Data excerpt =
== Segment start ==

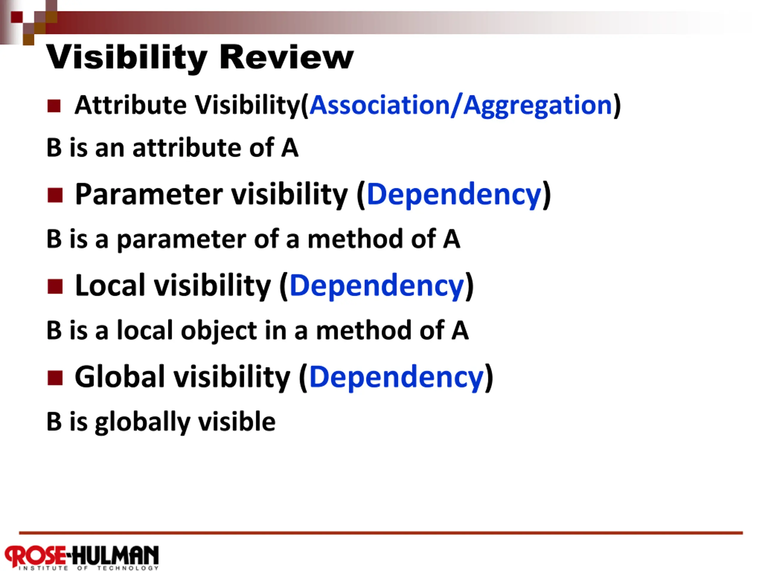Visibility Review Attribute Visibility(Association/Aggregation) B is an attribute of A Parameter visibility (Dependency) B is a parameter of a method of A Local visibility (Dependency) B is a local object in a method of A Global visibility (Dependency) B is globally visible
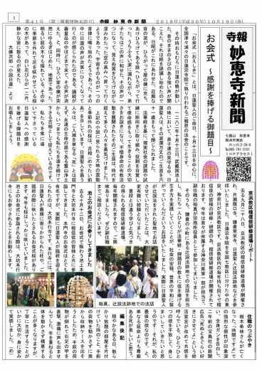 さて、今月も妙恵寺新聞が完成いたしました。
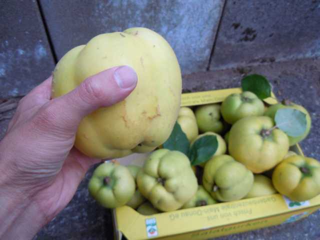 Meine Quitte ist auch reif. Hab sie diesmal grüngelb geerntet, damit sie keine Fleischbräune bekommt. Jetzt schon duftet sie extrem süßaromatisch und das Fleisch ist für eine Quitte sehr zart, fast wie ein fester Apfel.Sorte soll Bereczki sein, isse aber nicht. Somit bin ich ratlos. Aber die Sorte ist gut (Konstantinopeler? Lescovac?).Der Baum wächst halbschattig auf gar nicht gutem Boden, sehr tonig und für meine Verhältnisse eher feuchter. Eigentlich nicht so der ideale Quittenstandort
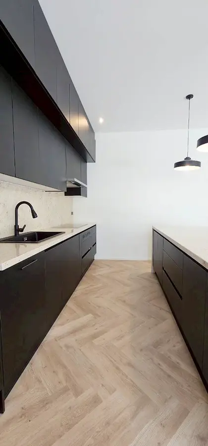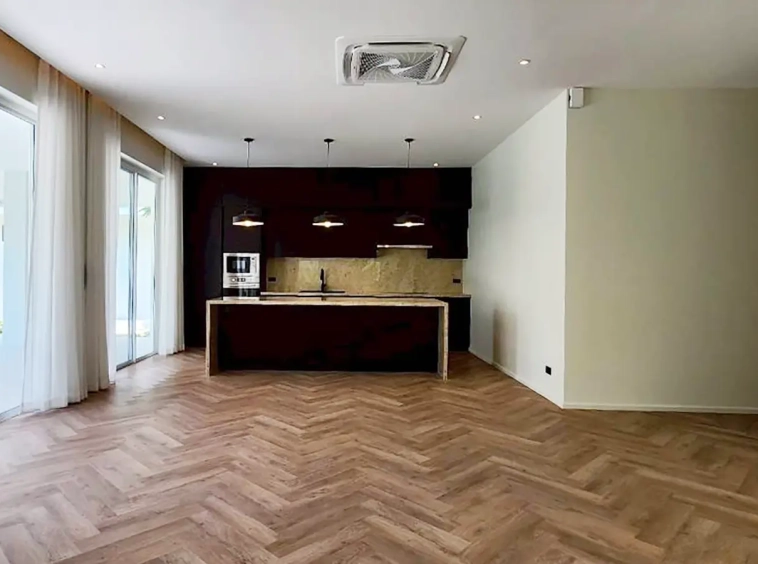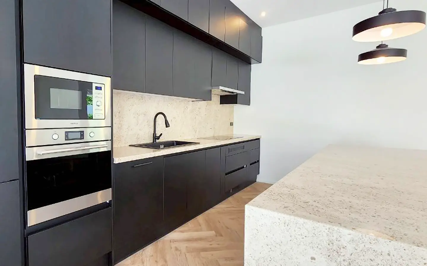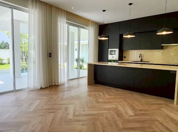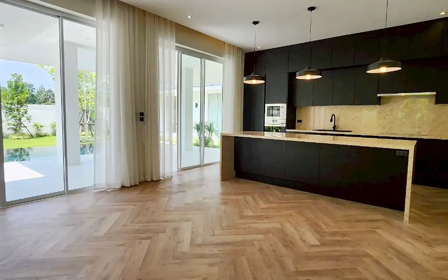 The entire living space indoors boasts a modern, high quality SPC flooring in fishbone wood design. The kitchen is state of the art with high-end finishes and appliances. Cabinets are in mat black with Italian marble countertop and backsplash. Kitchen appliances include a built-in fridge, freezer, dishwasher, oven, microwave, hood and oversized induction stove.

== Segment end ==

Task to complete =
Everything from the first line of the listing above through the line that contains "さて、今月も妙恵寺新聞が完成いたしました。" is to be restated word for word, minus the pictures.

Answer box =
Visibility Review Attribute Visibility(Association/Aggregation) B is an attribute of A Parameter visibility (Dependency) B is a parameter of a method of A Local visibility (Dependency) B is a local object in a method of A Global visibility (Dependency) B is globally visible
 さて、今月も妙恵寺新聞が完成いたしました。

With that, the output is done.